Metin Sitti (S’94–M’00–SM’08) received the B.Sc. and M.Sc. degrees in electrical and electronics engineering from Bogazici University, Istanbul, Turkey, in 1992 and 1994, respectively, and the Ph.D. degree in electrical engineering from the University of Tokyo, Tokyo, Japan, in 1999.

He was a Research Scientist with the University of California at Berkeley during 1999–2002. He is currently a Professor with the Department of Mechanical Engineering and Robotics Institute, Carnegie Mellon University, Pittsburgh, PA, USA. He is the Director of the NanoRobotics Lab and Center for Bio-Robotics. His research interests include micro/nano-robotics, bioinspired, and biohybrid miniature mobile robots, bioinspired micro/nano-materials, and micro/nano-manipulation.

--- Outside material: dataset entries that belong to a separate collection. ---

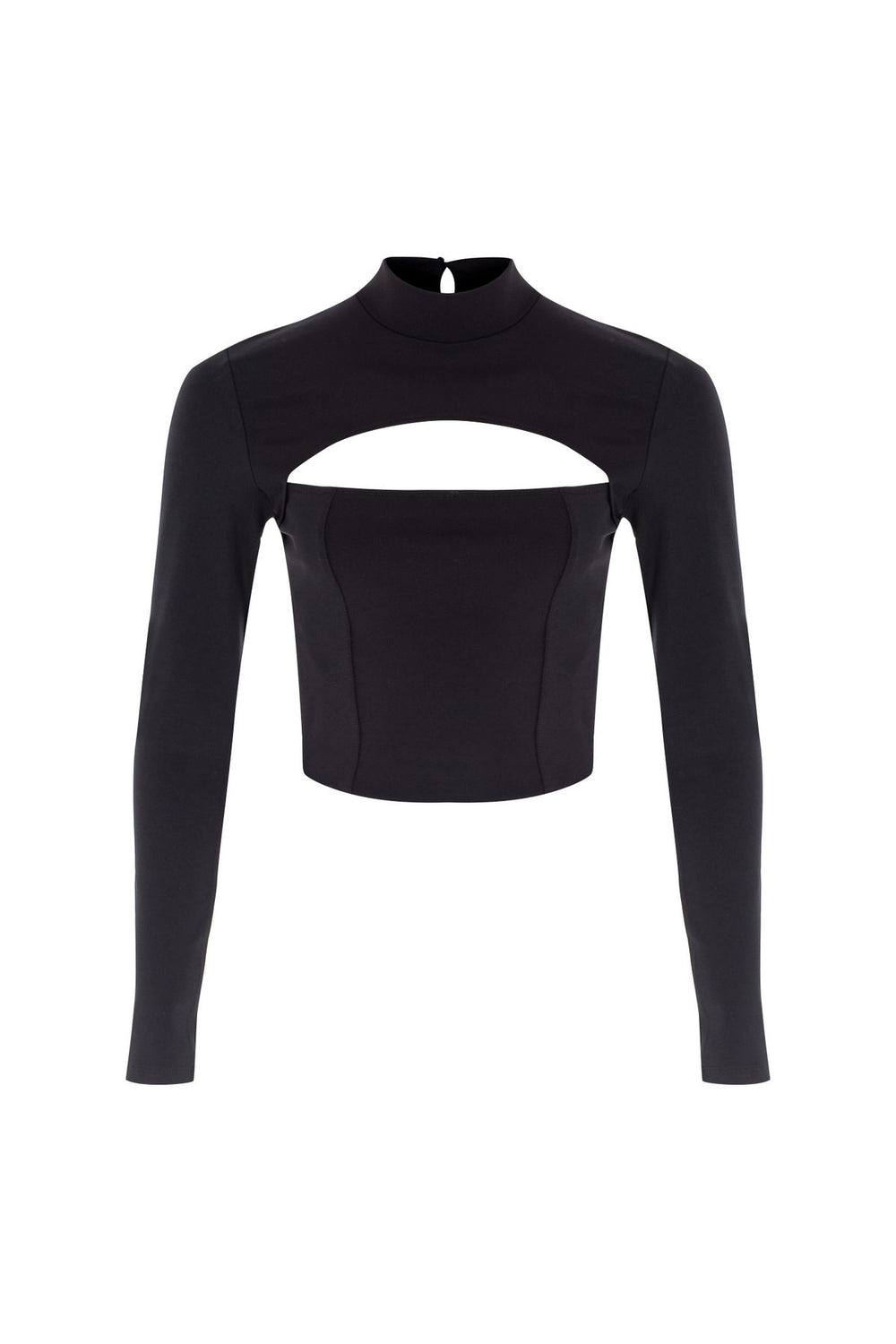 Sırt Dekolteli Uzun Kollu Crop Bluz Siyah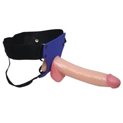 The Cushion Harness, made of a soft, purple foam rubber that covers the pubic area, holds the 9 inch cock in place, as well as a variety of flared base dildos. The wide elastic waist and leg straps are sturdy, but don't bind or chafe. The foam rubber front feels great for the wearer, the plushness providing wonderful cushioning for both of you during penetration your inner thighs and pelvic areas won't be irritated or marked. The straps on this harness have quite a bit of stretch, comfortably fitting up to a 40 inch waist.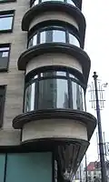 Wzniesiony na wówczas nowatorskiej konstrukcji stalowej pokrytej betonem. Zbudowany na planie zbliżonym do kwadratu, podpiwniczony, sześciopiętrowy (dwie ostatnie kondygnacje cofnięto względem lica o 1,75 m), kryty płaskim dachem. Posiada 3 klatki schodowe, 2 windy osobowe i 2 towarowe. Budynek ma dwie różne elewacje w stylu ekspresjonistycznym: od ul. Szewskiej jest dłuższa, o podziałach horyzontalnych (ścianki podparapetowe ujęte w mosiężne gzymsy, licowane herceńskim trawertynem i pasy okien o mosiężnej ślusarce) oraz z zaokrąglonym, wysuniętym wykuszem, pełni rolę reprezentacyjnej fasady. Elewacja od ul. Oławskiej ma regularnie rozmieszczone rzędy prostokątnych okien. Parter całego budynku jest całkowicie przeszklony i cofnięty oraz wydzielony wydatnym gzymsem. Pierwotny, modernistyczny wystrój wnętrz powstał wg projektu Heinricha Tischlera[1].
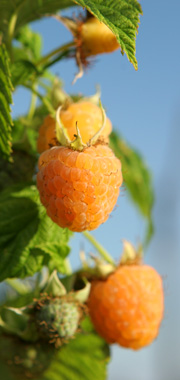 Efterårshindbærsorten ‘Fallgold’ er meget sød, men modner sent og skal plantes et sted med masser af sol i efterårsmånederne. Foto: Karna Maj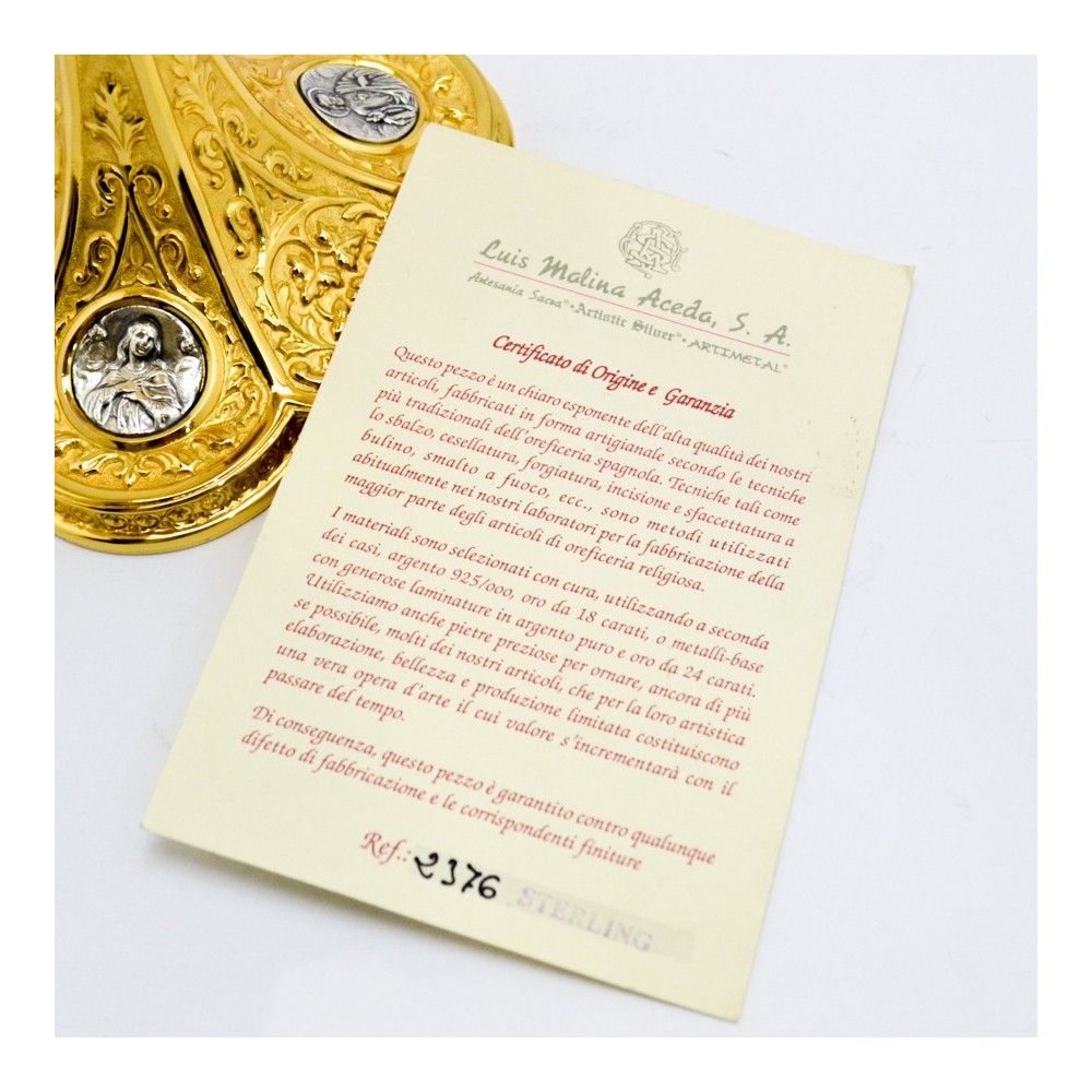 Calice in ottone dorato di manifattura spagnola con coppa in argento. Per chi lo desiderasse è possibile abbinarci anche la pisside con stessa lavorazione. In omaggio la custodia porta calice.
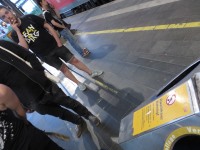 Derweil gibt's drinnen die große Tombola-Auslosung. Am Eingang konnte man Lose kaufen, und nun gibt es verschiedenste Gewinne zu erstehen. Skateboard-Decks, Socken, Platten, Shirts und so weiter. Markus gewinnt irgendwas, ist aber nicht da als seine Nummer gezogen wird, also kriegt es wer anders. Die arme Sau. Vielleicht hätte er ja auch die Chance auf ein neues Paar Skatersocken gehabt. Nunja. Die Tombola-Ziehung zieht sich etwas (hohoho), aber immerhin packt der Tonmensch noch ein paar irre witzige Effekte aufs Mikro, und dann müssen alle lachen. Der helle Wahnsinn.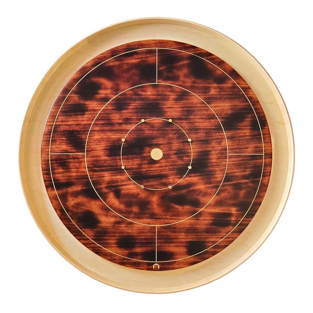 A one of a kind resin Crokinole board featuring burnt mahogany on a maple wood base.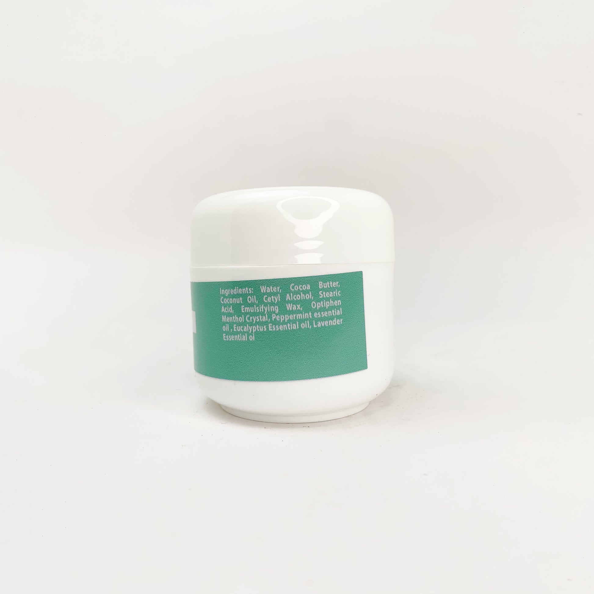 Ingredients: Water, Cocoa Butter, Coconut Oil, Cetyl Alcohol, Stearic Acid, Emulsifying Wax, Optiphen, Menthol Crystals, Peppermint Essential Oil, Eucalyptus Oil, Lavender Essential Oil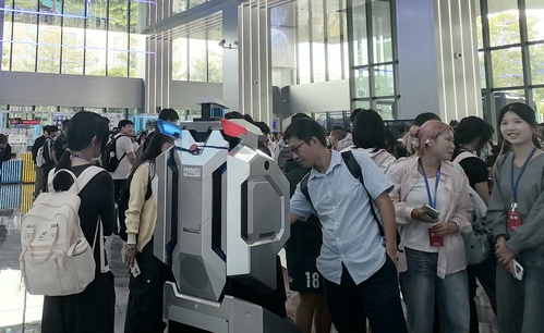 随后,新生们走进人工智能与大模型展示区。巨大的可视化数据大屏上,实时跳动的数据流让原本抽象的 “大数据” 概念变得看得见、摸得着。技术展示环节中,视频图片 AI 解析系统的表现让人印象深刻,它不仅能快速识别画面中的人物、物体和场景,还能通过城市交通视频统计车流量、识别闯红灯等异常行为。备受关注的视频通话 AI 换脸技术还邀请了新生现场体验,逼真的效果让大家啧啧称奇,工作人员同时着重提醒了技术滥用可能引发的诈骗风险,让同学们深刻意识到技术安全与伦理规范的重要性。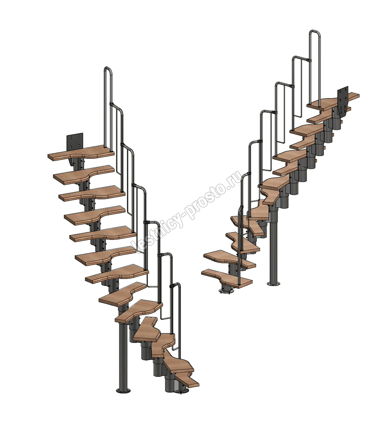 Лестница Prosto Urban Black гусиный шаг 700 мм, h234-336 см (13 ступеней), дуб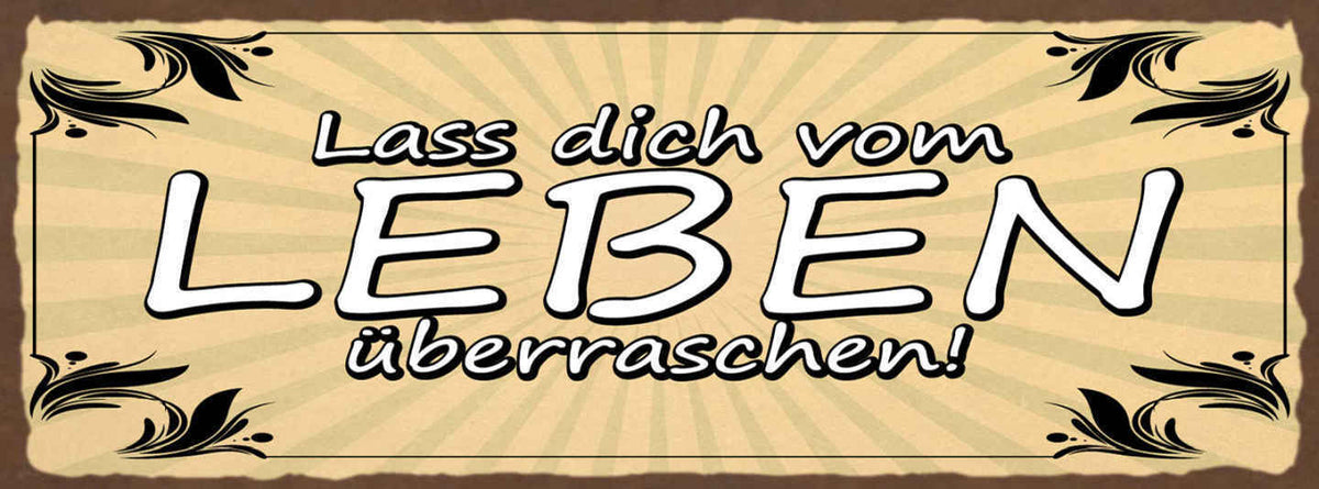 Schild Lass Dich Vom Leben Überraschen Kein Plan Offenheit 27x10 Blech od.Holz Im Angebot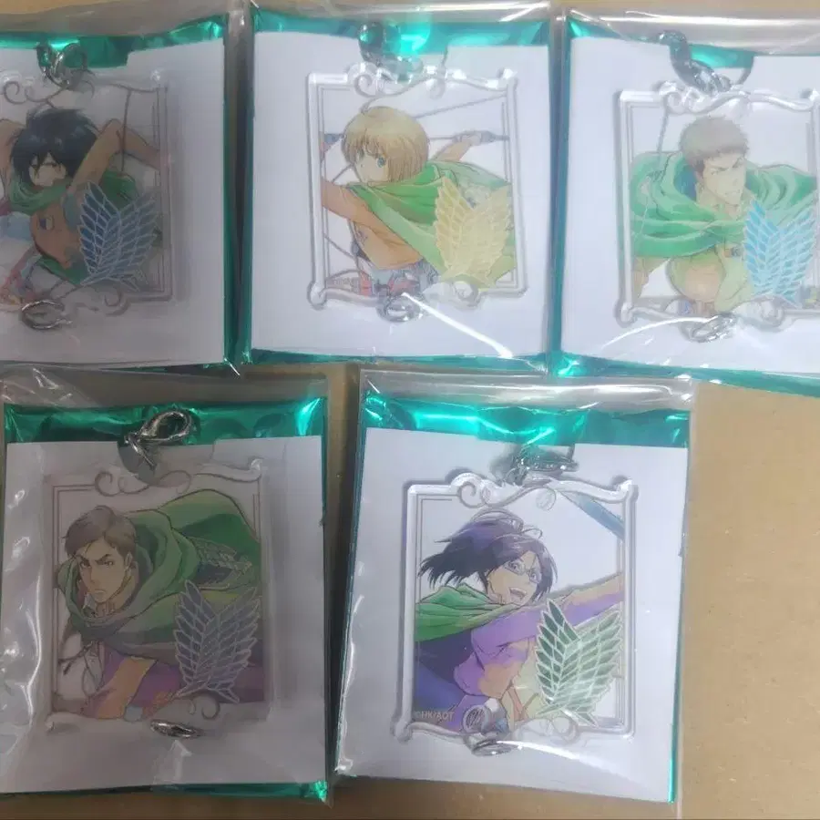 진격의 거인 더 캐릭터 PALETONE 시리즈 이어지는 아크릴 키링 미카사 1개 아르민 1개 장 1개 엘빈 1개 한지 1개 5개 세트입니다(낱개 판매 불가)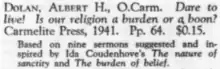 - ↑ "book announcement". Catholic Library World. 13 (2): 62. Nov 1941.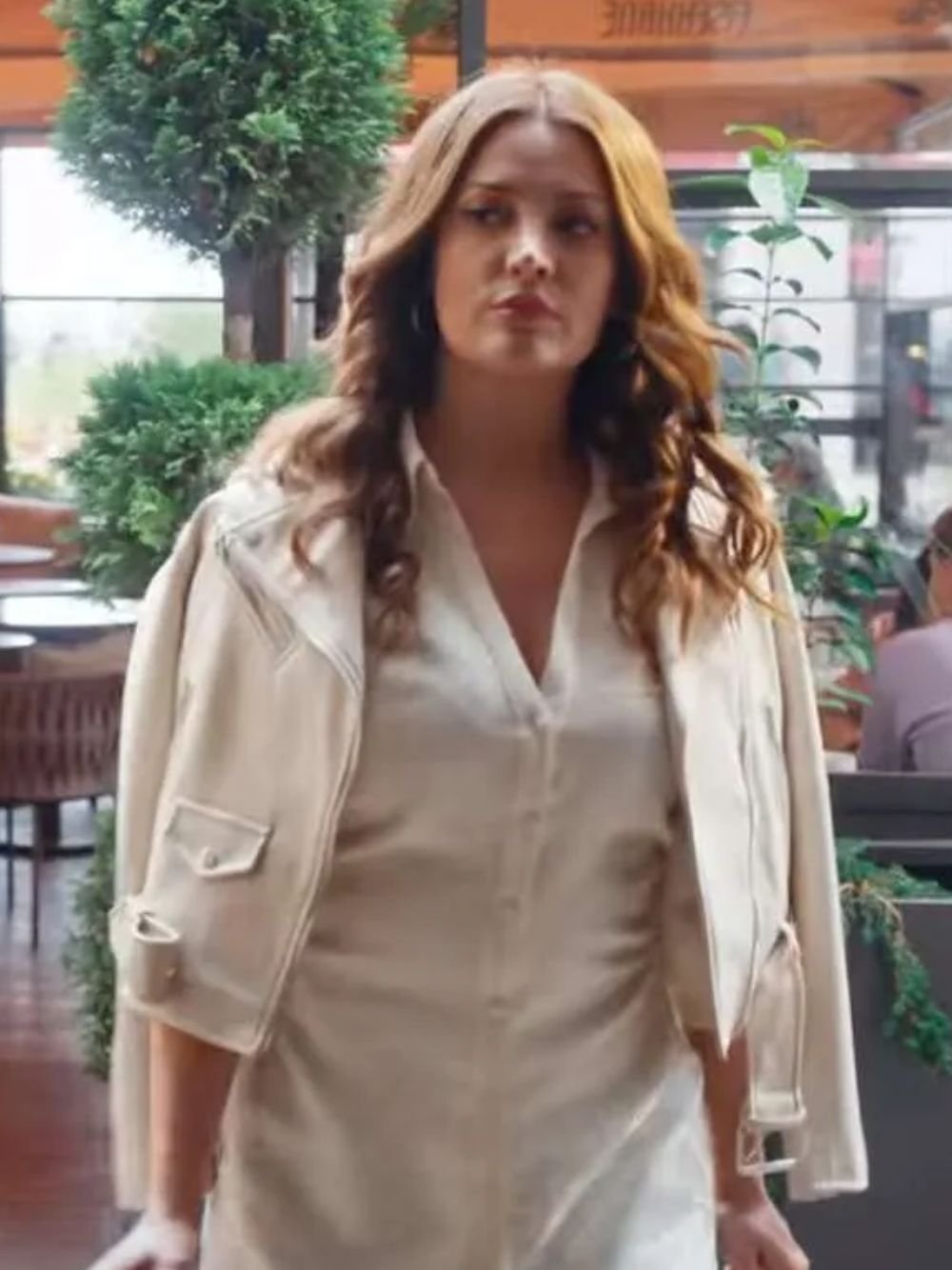 Irem Sak TV Series As the Crow Flies Season 02 Müge Türkmen White Crop Leather Jacket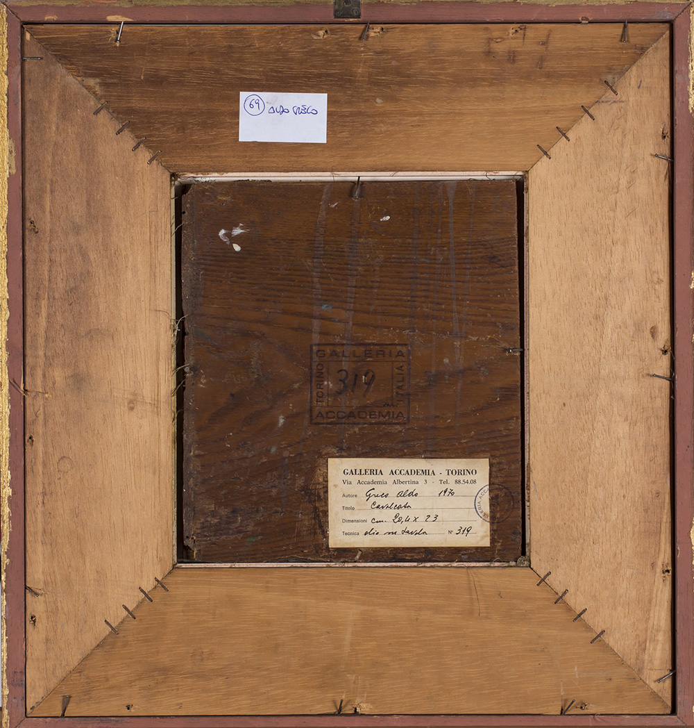 Etichetta e timbro della Galleria d'Arte Accademia (TO) al retro con relativo numero d'inventario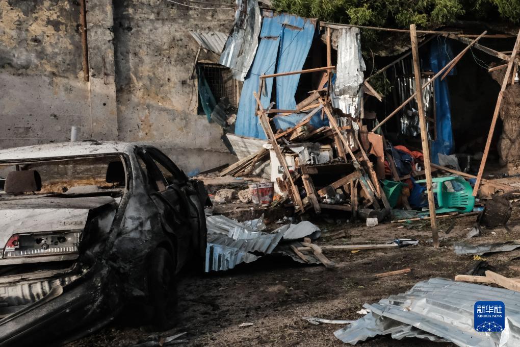 這是9月29日在索馬里首都摩加迪沙拍攝的自殺式炸彈襲擊現場(chǎng)。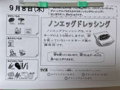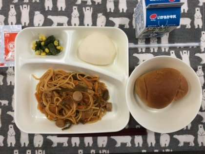 本日の献立は、イタリアンスパゲッティ、グリーンアスパラガスのサラダ(ノンエッグドレッシング)、なし(豊水)、黒糖パン(小)、牛乳です。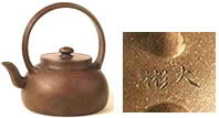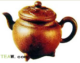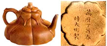 通高11.3厘米, 口径8.4厘米。壶身呈球形,素面无饰。只是在壶盖面上,环绕壶纽饰有四瓣柿蒂纹。壶的底部有三只小足,与壶身有机结合,浑然一体,无粘接之感。壶嘴外撇,与柄对称。在壶柄下方的腹面上,横排阴刻“大彬”楷书。壶的通体呈褐色,面上有浅色针装颗粒,虽不细腻,却有“银砂闪点”之誉,后人称之为“砂粗质古肌理匀”。 1994年, 邮电部发行的《宜兴紫砂陶》邮票中, 其中有一枚的画面就是时大彬的三足圆壶。它饮誉国内外,是明末紫砂器中不可多得的瑰宝,每每为收藏家所称誉。 |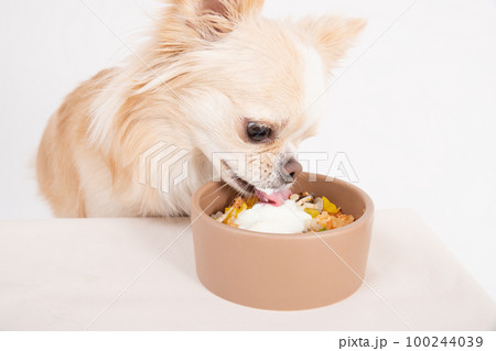 クリームのチワワが犬用ヨーグルトがかかった手作りご飯を食べるところ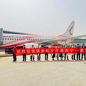 图为3月30日,瑞丽航空公司开通武汉至西宁航线。孙睿 摄

Dr. Sitti received the SPIE Nanoengineering Pioneer Award in 2011, National Science Foundation CAREER Award in 2005, and IBM Smarter Planet Award in 2012. He received the Best Paper Award in the IEEE/RSJ International Conference on Intelligent Robots and Systems in 2009 and 1998, the Best Biomimetics Paper Award at the IEEE Robotics and Biomimetics Conference in 2004, and the Best Video Award at the IEEE Robotics and Automation Conference in 2002. He was appointed as the Adamson Career Faculty Fellow during 2007–2010. He was the Vice President for Technical Activities at the IEEE Nanotechnology Council during 2008–2010. He was elected as the Distinguished Lecturer of the IEEE Robotics and Automation Society for 2006–2008. He is the current active Editor-In-Chief of Journal of Micro-Bio Robotics.